I'm trying to setup a simple GANs training loop but am getting the following error:
RuntimeError: Trying to backward through the graph a second time (or directly access saved variables after they have already been freed). Saved intermediate values of the graph are freed when you call .backward() or autograd.grad(). Specify retain_graph=True if you need to backward through the graph a second time or if you need to access saved variables after calling backward.
for epoch in range(N_EPOCHS):
# gets data for the generator
for i, batch in enumerate(dataloader, 0):
# passing target images to the Discriminator
global_disc.zero_grad()
output_disc = global_disc(batch.to(device))

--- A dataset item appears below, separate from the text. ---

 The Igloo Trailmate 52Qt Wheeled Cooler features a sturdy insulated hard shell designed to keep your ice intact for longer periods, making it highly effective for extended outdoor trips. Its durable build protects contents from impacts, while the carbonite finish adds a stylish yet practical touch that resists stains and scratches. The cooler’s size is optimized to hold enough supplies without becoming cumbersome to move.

error_target = loss(output_disc, torch.ones(output_disc.shape).cuda())
error_target.backward()
# apply mask to the images
batch = apply_mask(batch)
# passes fake images to the Discriminator
global_output, local_output = gen(batch.to(device))
output_disc = global_disc(global_output.detach())
error_fake = loss(output_disc, torch.zeros(output_disc.shape).to(device))
error_fake.backward()
# combines the errors
error_total = error_target + error_fake
optimizer_disc.step()
# updates the generator
gen.zero_grad()
error_gen = loss(output_disc, torch.ones(output_disc.shape).to(device))
error_gen.backward()
optimizer_gen.step()
break
break
As far as I can tell, I have the operations in the right order, I'm zeroing out the gradients, and I'm detaching the output of the generator before it goes into discriminator.
This article was helpful but I'm still running into something I don't understand.